Entries supplied =>

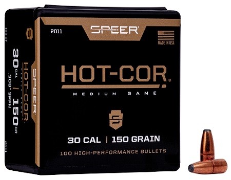 Perfect for those long range shots, the Speer Hot-Cor Spitzer has a higher ballistic coefficient and are designed to retain velocity over distance. This pattern, coupled with the Hot-Cor process which virtually ensure the elimination of core slippage, provide a bullet that offers deep penetration and excellent expansion, regardless of the range.
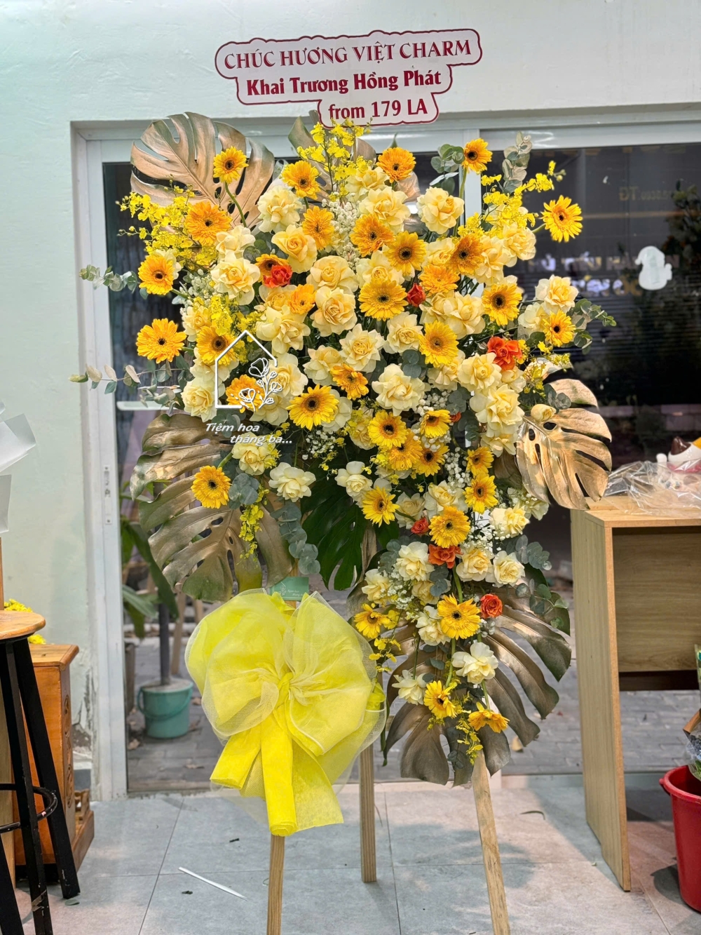 Kệ Hoa Chúc Mừng Tone Vàng – Rực Rỡ & Nổi Bật
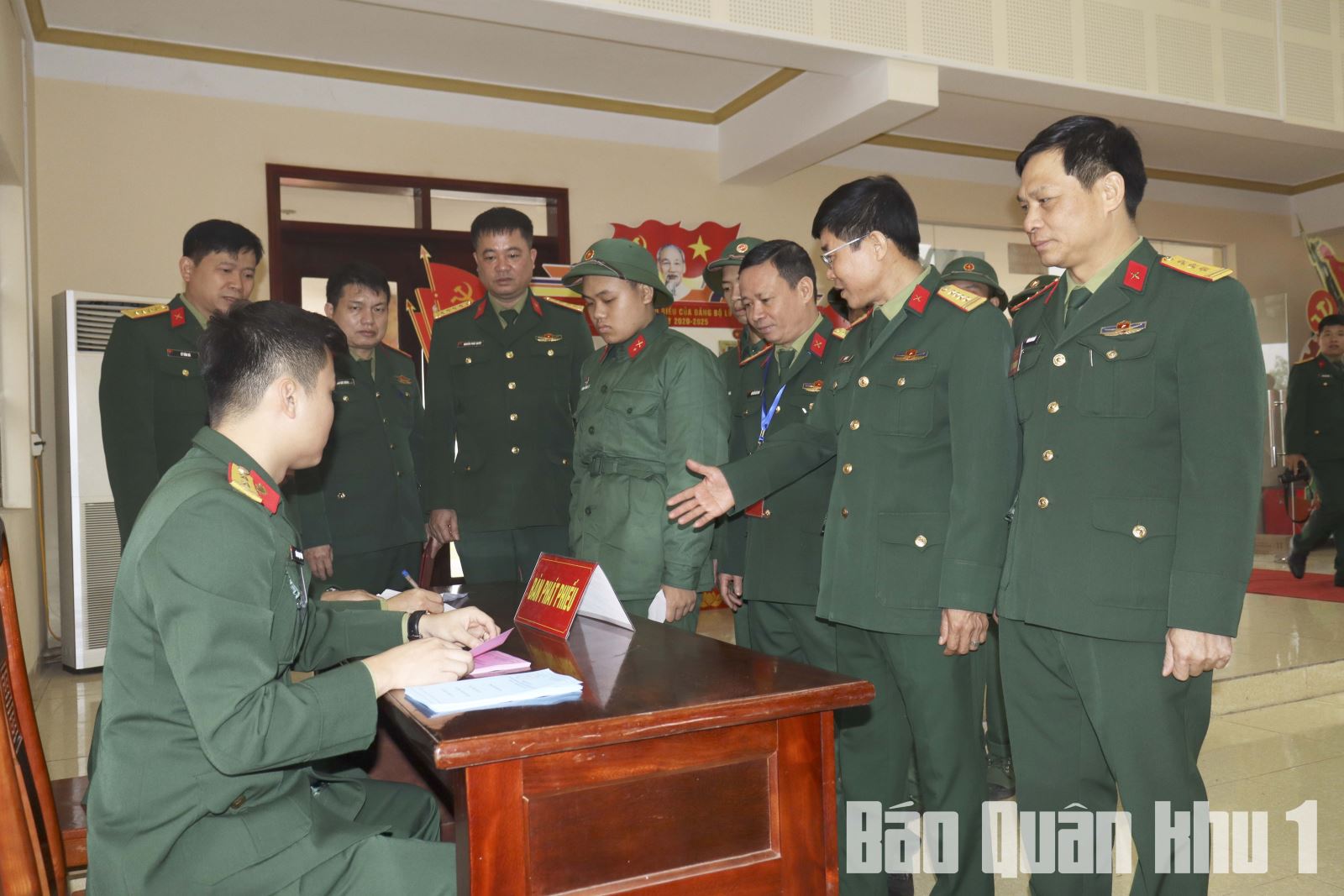 Ngay từ sáng sớm, tại khu vực bỏ phiếu số 10, cán bộ, chiến sĩ đã có mặt đông đủ, thực hiện các bước bầu cử theo đúng quy định. Khu vực bỏ phiếu được trang trí trang nghiêm với cờ, hoa, pa-nô, khẩu hiệu nổi bật; danh sách cử tri và tiểu sử tóm tắt của các ứng cử viên được niêm yết công khai để cử tri nghiên cứu trước khi thực hiện quyền công dân.
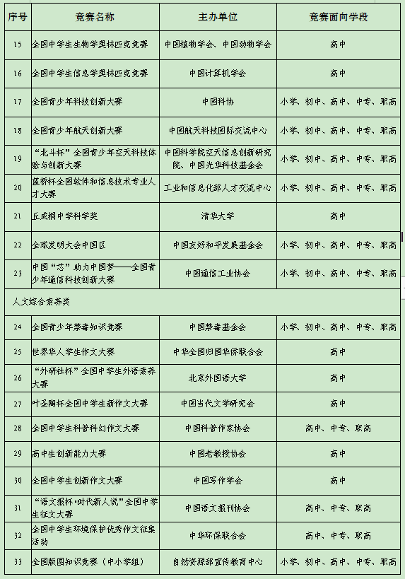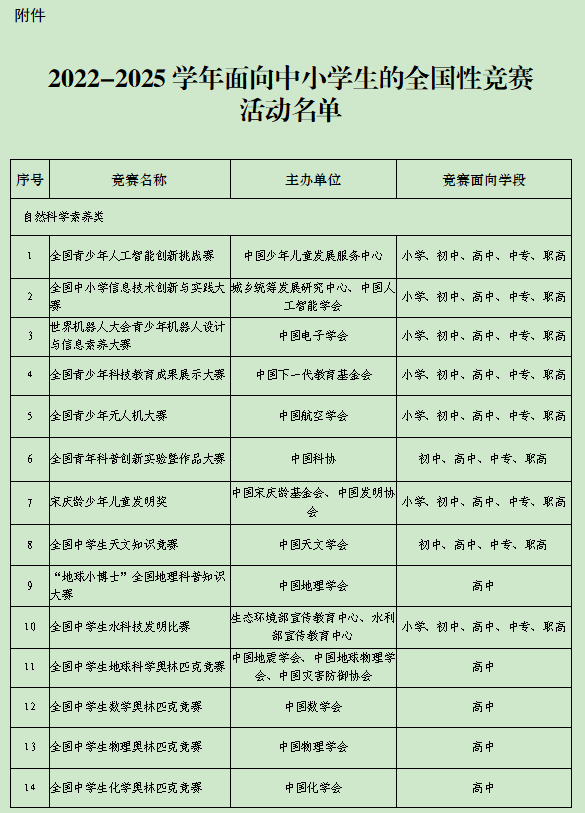 教育部公示2022-2025學(xué)年面向中小學(xué)生的45項(xiàng)全國性競(jìng)賽活動(dòng)名單
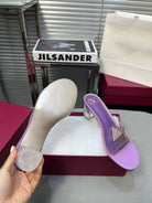 Heeled Sandals 6cm with Crystal Square Buckle Purple
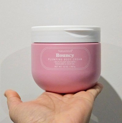 NatureWell Bouncy Plumping Body cream nourishes the skin, helping improving overall skin health. This bady cream helps with moisturizing and healing my dry winter skin. It is amazing and great quality and smells amazing. Would be buying again and again!
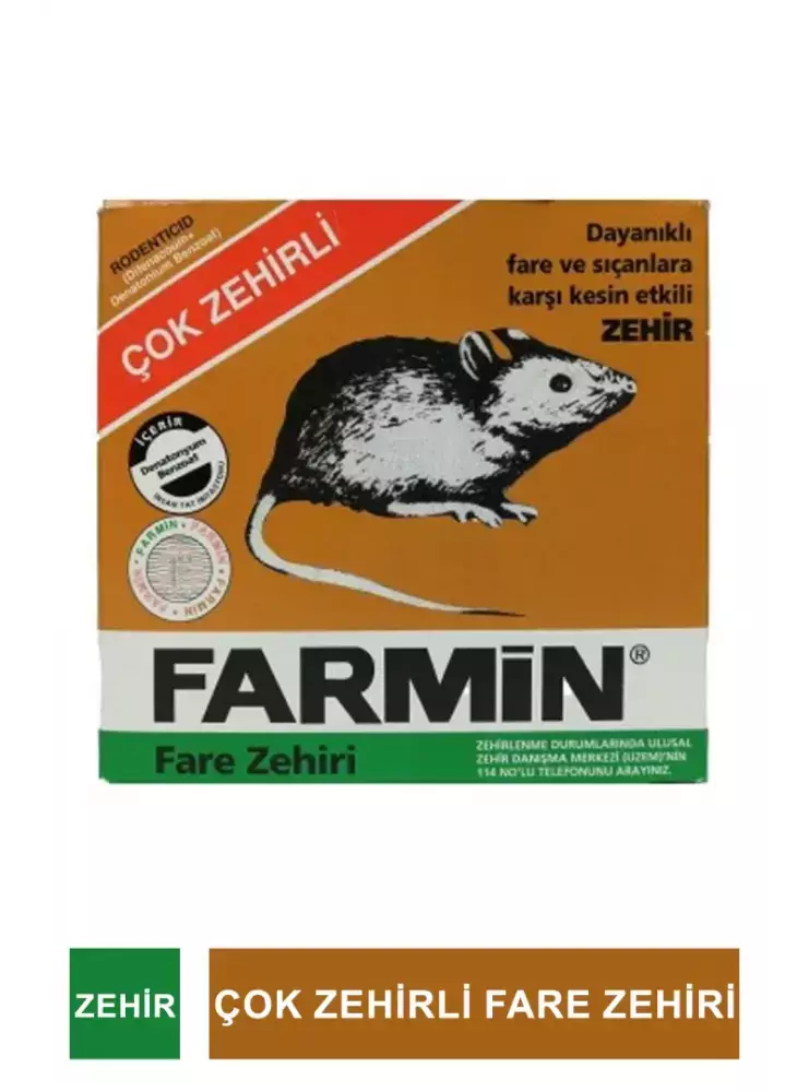 FARMİN fare zehiri ev farelerinde bir torbanın üçte biri (~40gr), sıçanlarda iki torba (~250gr) olarak uygulanır.
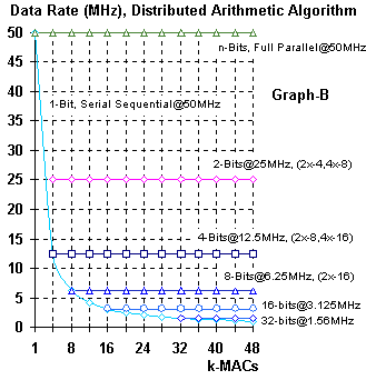 Now Distributed Arithmetic starts looking really interesting. Evaluating the process used for Serial Distributed Arithmetic. It can be seen from Figure 2 and Figure 4-B, that the determining factor in the performance of Serial Distributed Arithmetic is the number of bits representing the multiplier or Sample Data. Once the sample rate is calculated, (maximum clock rate divided by number of multiplier bits) the MAC rate is constant, as shown in Figure 4-B.
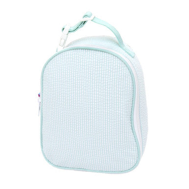 This is the new lunchbox--The Gumdrop! It's lined inside with our new and improved fabric...it has a little net to hold utensils and a napkin inside along the inside wall. The front pocket zips almost all the way open for easy personalization for my customers who personalize with stitches. This new bag doubles as a great bag for baby--it can carry a bottle and baby food and keep it all chilly! Top strap has a ladder lock buckle to make it easy to clip on to bags and strollers. You'll love our new lunch tote! Match it with our book bags and nap rolls and you're all set for Mother's Day Out. :)
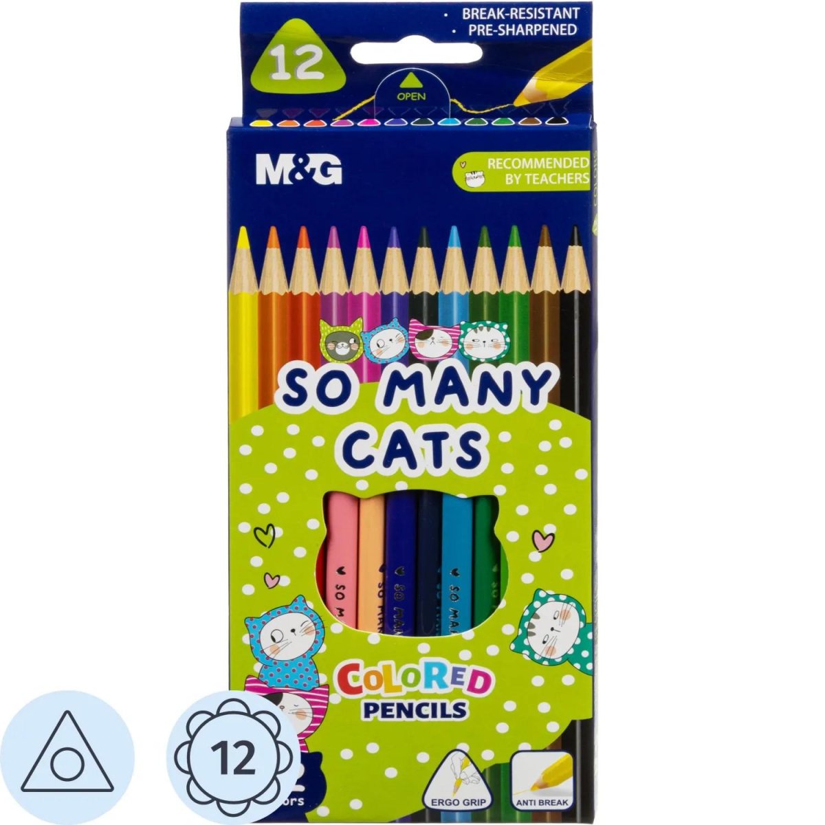 Карандаши цветные M&G So Many Cats 12 карандашей 12 цветов трёхгранные<br> <br> Карандаши цветные So Many Cats предназначены для рисования, письма и раскрашивания на бумаге. Применяются детьми, студентами и взрослыми для творчества. Рекомендованный возраст от 3 лет. Набор содержит 12 цветов. Материал корпуса — древесина. Корпус трёхгранный, диаметр: 7 мм. Длина корпуса: 175 мм.<br> <br> Диаметр грифеля: 3 мм. Грифель разноцветный. Карандаши заточены. Форма корпуса способствует правильному захвату пальцами. Упакованы в картонную коробку с европодвесом. Размер упаковки: 88×8x180 мм.

Problem to work on =>
Transcribe, word for word, the stretch of lines in the data above from the one with "Ngay từ sáng" through the one with "FARMİN fare zehiri"; omit all pictures.

The answer =>
 Ngay từ sáng sớm, tại khu vực bỏ phiếu số 10, cán bộ, chiến sĩ đã có mặt đông đủ, thực hiện các bước bầu cử theo đúng quy định. Khu vực bỏ phiếu được trang trí trang nghiêm với cờ, hoa, pa-nô, khẩu hiệu nổi bật; danh sách cử tri và tiểu sử tóm tắt của các ứng cử viên được niêm yết công khai để cử tri nghiên cứu trước khi thực hiện quyền công dân.
 教育部公示2022-2025學(xué)年面向中小學(xué)生的45項(xiàng)全國性競(jìng)賽活動(dòng)名單
 Heeled Sandals 6cm with Crystal Square Buckle Purple
 NatureWell Bouncy Plumping Body cream nourishes the skin, helping improving overall skin health. This bady cream helps with moisturizing and healing my dry winter skin. It is amazing and great quality and smells amazing. Would be buying again and again!
 FARMİN fare zehiri ev farelerinde bir torbanın üçte biri (~40gr), sıçanlarda iki torba (~250gr) olarak uygulanır.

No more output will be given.